>>>>

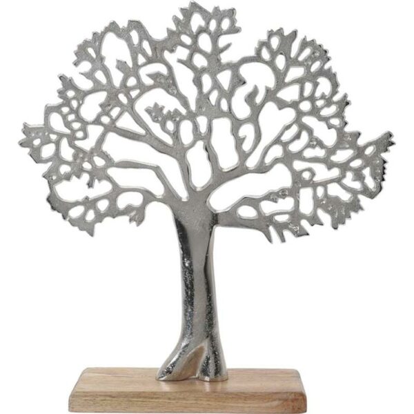 Nowoczesna dekoracja stojąca w kształcie drzewka, wykonana z aluminium w kolorze srebra na drewnianej podstawie o wymiarach: 33x31x8 cm
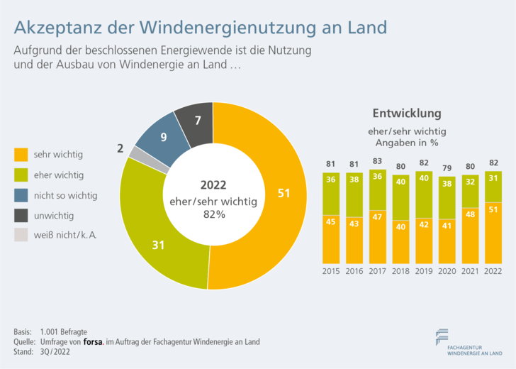 Der Ukraine-Krieg sorgt für mehr Akzeptanz der Windenergie: Wie die jüngste Forsa-Umfrage im Auftrag der Fachagentur Wind an Land ergab, ist 82 Prozent der Befragten und der Ausbau der Windenergienutzung an Land als „wichtig“ oder „sehr wichtig“. Mehr als die Hälfte (51 Prozent) und damit so viele wie noch nie sagten, ihnen sei der Ausbau sehr wichtig. Ein Drittel gab an, dass der russische Angriff auf die Ukraine die Relevanz des Ausbaus der Windenergie noch weiter verstärkt habe.
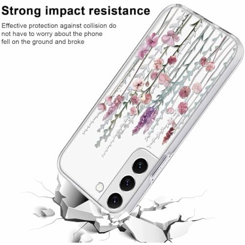 Yoedge 2 Pezzi Cover per Samsung Galaxy S22 5G 6,1", Ultra Sottile Trasparente Morbida TPU Custodia in Silicone Antiurto Antigraffio Protettiva Case con Disegni per Donne per Samsung S22 5G, Fiore 2
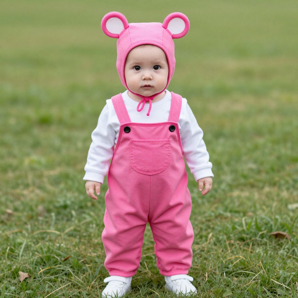 Rag Doll Costume Infant, baby standing in the grass wearing a pink overall

<<<<

Task to carry out:
Write out, please, the lines of the listing above from the one with "Yoedge 2 Pezzi" through the very last, exactly as given and with no pictures.

Response to this task:
 Yoedge 2 Pezzi Cover per Samsung Galaxy S22 5G 6,1", Ultra Sottile Trasparente Morbida TPU Custodia in Silicone Antiurto Antigraffio Protettiva Case con Disegni per Donne per Samsung S22 5G, Fiore 2
 Rag Doll Costume Infant, baby standing in the grass wearing a pink overall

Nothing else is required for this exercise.